He made his way through several properties, parallel to the road, scaling fences. But that was too noisy, so when the street dipped down, out of the long reach of the sodium lamps, he returned to the footpath. He stood still and strained his ears. Then he set out, heading for Haven Road and the supermarket. He made his way from gate to gate, drive to drive, ducking out onto the path then back into the shadows of front yard foliage.

When Oscar reached the supermarket he traversed the carpark by darting from car to car. He reached the glass doors and peered through them. Holly had switched off the overhead fluorescents, but there was still light gleaming through the glass fronts of the cabinet fridges and in the freezers, shining out from under the rims of their fuming interiors. Oscar went inside. The place smelled of spice and plastic and dry goods, and a musty smell from the emptied fruit and deli trays. Holly had wiped everything down, but still, there it was, the smell of mildewed lemons and sour milk, and the dirty dog smell of old luncheon sausage.

Oscar found the aisle with pet food, and left the supermarket, his jacket stuffed with cans and rattling faintly. He stuck to Haven Road where the streetlights were off for two-thirds of its length, put out by the crashed truck and subsequent fire. There was no light to see by, but it was easy going, the footpath wide and even, kerbs indented at each crossing. Oscar kept his eye on his reflection in the glass fronts of the shop—checking that it
was
his reflection. Then the plate glass came to an end and he was going by houses—a splash of red paint on the path before all those the burial teams had cleared. Now and then he looked back, and once, when he did, he thought he saw something move, a long shadow intruding onto Haven Road from one of the side streets. Someone with a streetlight behind them was walking towards the intersection—in the middle of the street, not bothering to hide themselves, to blend their shadow with other shadows.

Oscar flung himself back into a bush, then poked his head out to take a closer look. The long shadow was motionless now, and featureless. It had seemed to have a distinct head and arms, but now it might as well be cast by a street sign. Oscar waited, watching till his eyes watered, but nothing moved. He was mistaken—he must have been. Still, it was some time before he was able to relinquish the shelter of the shrubbery. He continued on his way, running now.

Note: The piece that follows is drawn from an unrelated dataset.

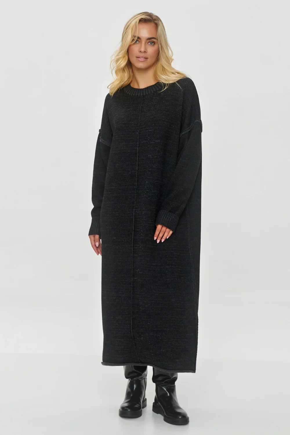 Dámský dlouhý svetr volného střihu z látky s melanžovým vzorem. Svetr má oversized střih s dlouhými rukávy, což mu dodává na pohodlí a ležérním stylu, a snížená linie ramen dokonale zakrývá objemnější ramena. Je zakončen širokými žebrovanými manžetami, takže si můžete upravit délku rukávů a zároveň je ohrnout. Výstřih je zaoblený a zakončený žebrovaným lemem. Svetr sahá až ke kotníkům, čímž vytváří elegantní a originální vzhled, ideální pro chladnější dny. Na přední straně je viditelný svislý šev, který svetru dodává jemný detail a opticky prodlužuje siluetu. Je ideální volbou pro podzimní a zimní dny, dobře se kombinuje s vysokými botami. Svetr kombinuje pohodlí a styl, takže se hodí jak pro běžné, tak elegantnější příležitosti.

He had left the porch light burning, knowing he'd be back. He let himself in and didn't turn on any of the indoor lights, only stood a while in the patch of radiance that came in through the pebbled glass of the front door. He waited till his cat came to find him, chirruping, eager. She ran at him and butted his legs, her back arched and long tail trembling. He picked her up. She wiped her jaw along his, talking the whole time, delirious and scolding.

‘Sorry, sorry,' he said.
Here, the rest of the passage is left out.